### Available data
+++
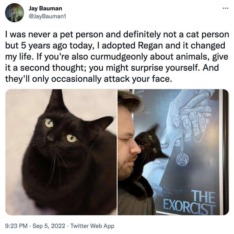 "I was never a pet person and definitely not a cat person but 5 years ago today, I adopted Regan and it changed my life. If you're also curmudgeonly about animals, give it a second thought; you might surprise yourself. And they'll only occasionally attack your face. "
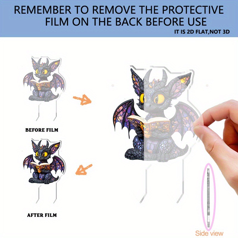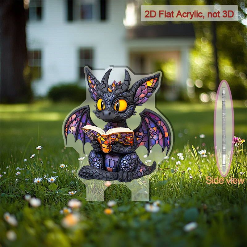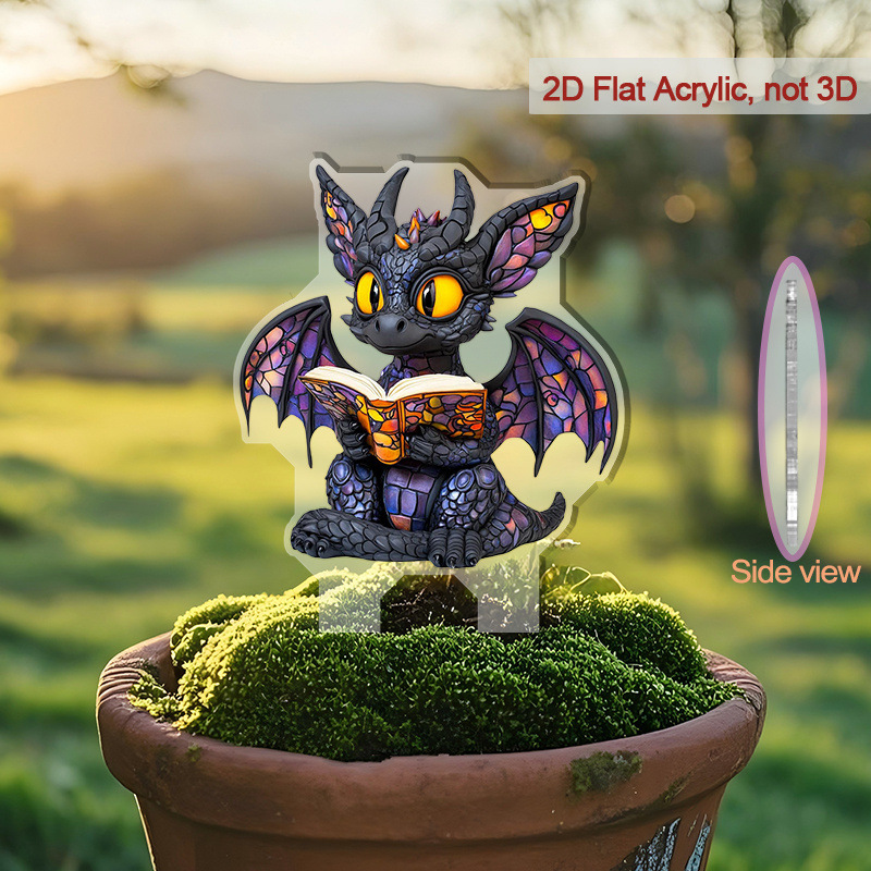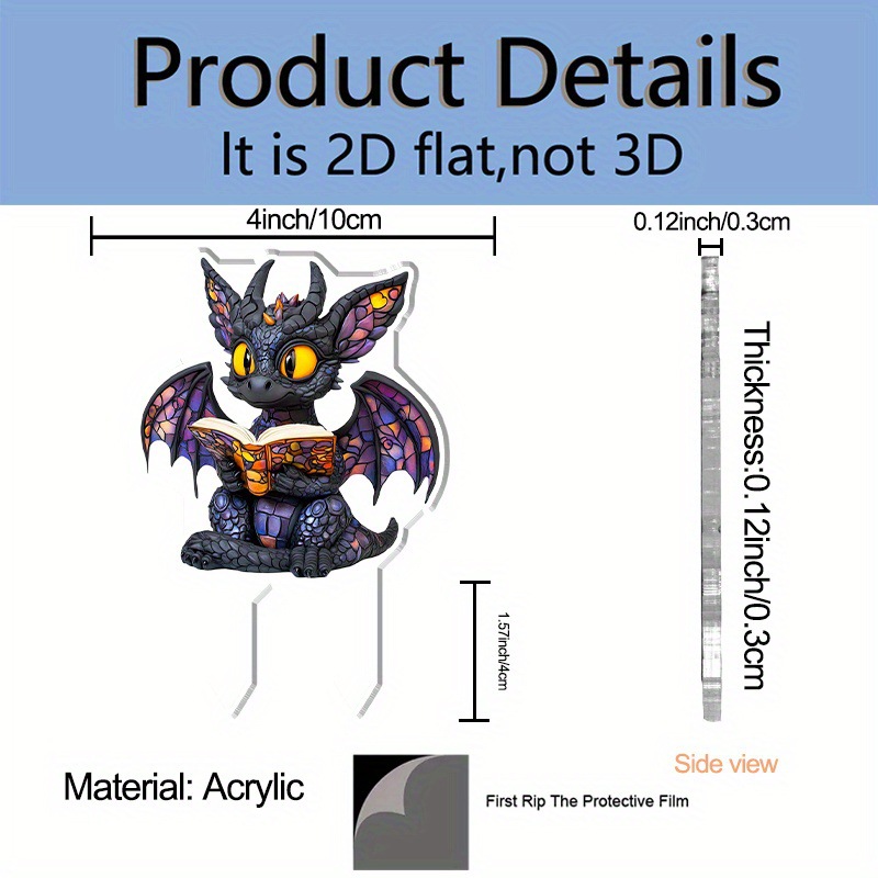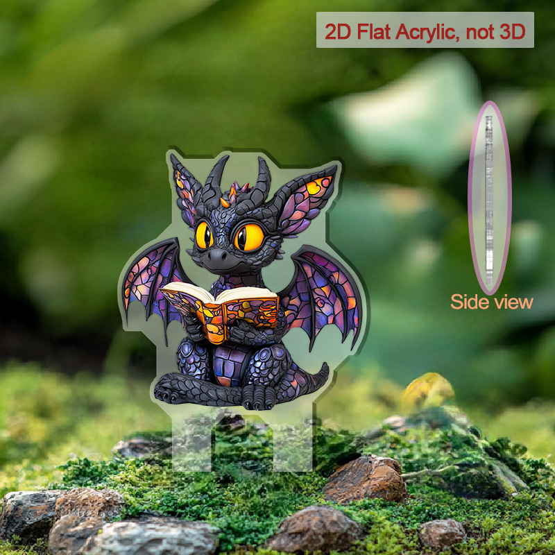 2D 평면, 1PC 판타지 드래곤 독서 책 아크릴 바닥 삽입-밝은 보라색 오렌지 야외 장식, 내후성
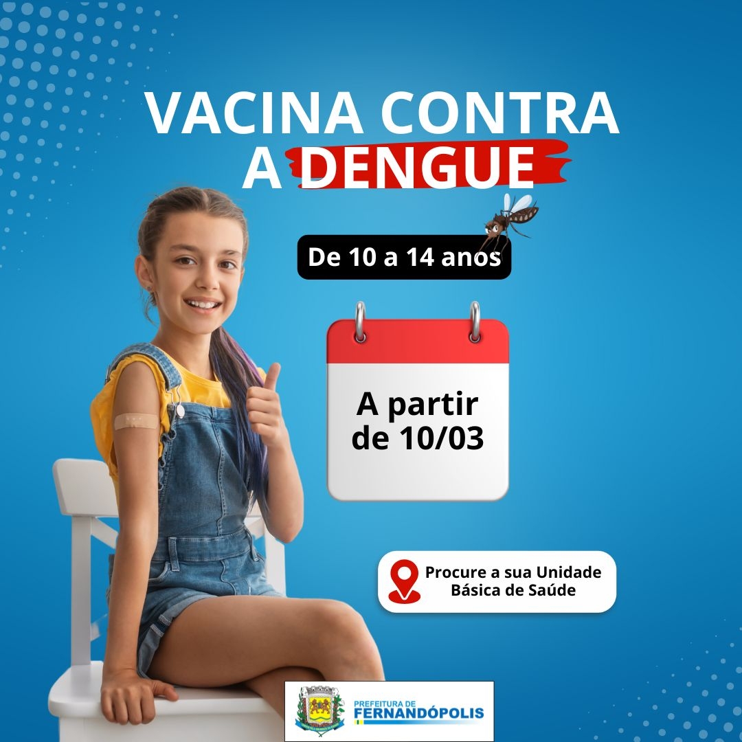 A Secretaria Municipal de Saúde, por meio do Departamento de Vigilância em Saúde, informa que a vacina contra a dengue, Qdenga, estará disponível para crianças e adolescentes de 10 a 14 anos a partir de segunda-feira (10).
+++
### Assigned task
What the answer must hold is the exact text of every line from the one containing "2D 평면, 1PC 판타지" through the end of the data, minus any pictures.

### Written response
 2D 평면, 1PC 판타지 드래곤 독서 책 아크릴 바닥 삽입-밝은 보라색 오렌지 야외 장식, 내후성
 A Secretaria Municipal de Saúde, por meio do Departamento de Vigilância em Saúde, informa que a vacina contra a dengue, Qdenga, estará disponível para crianças e adolescentes de 10 a 14 anos a partir de segunda-feira (10).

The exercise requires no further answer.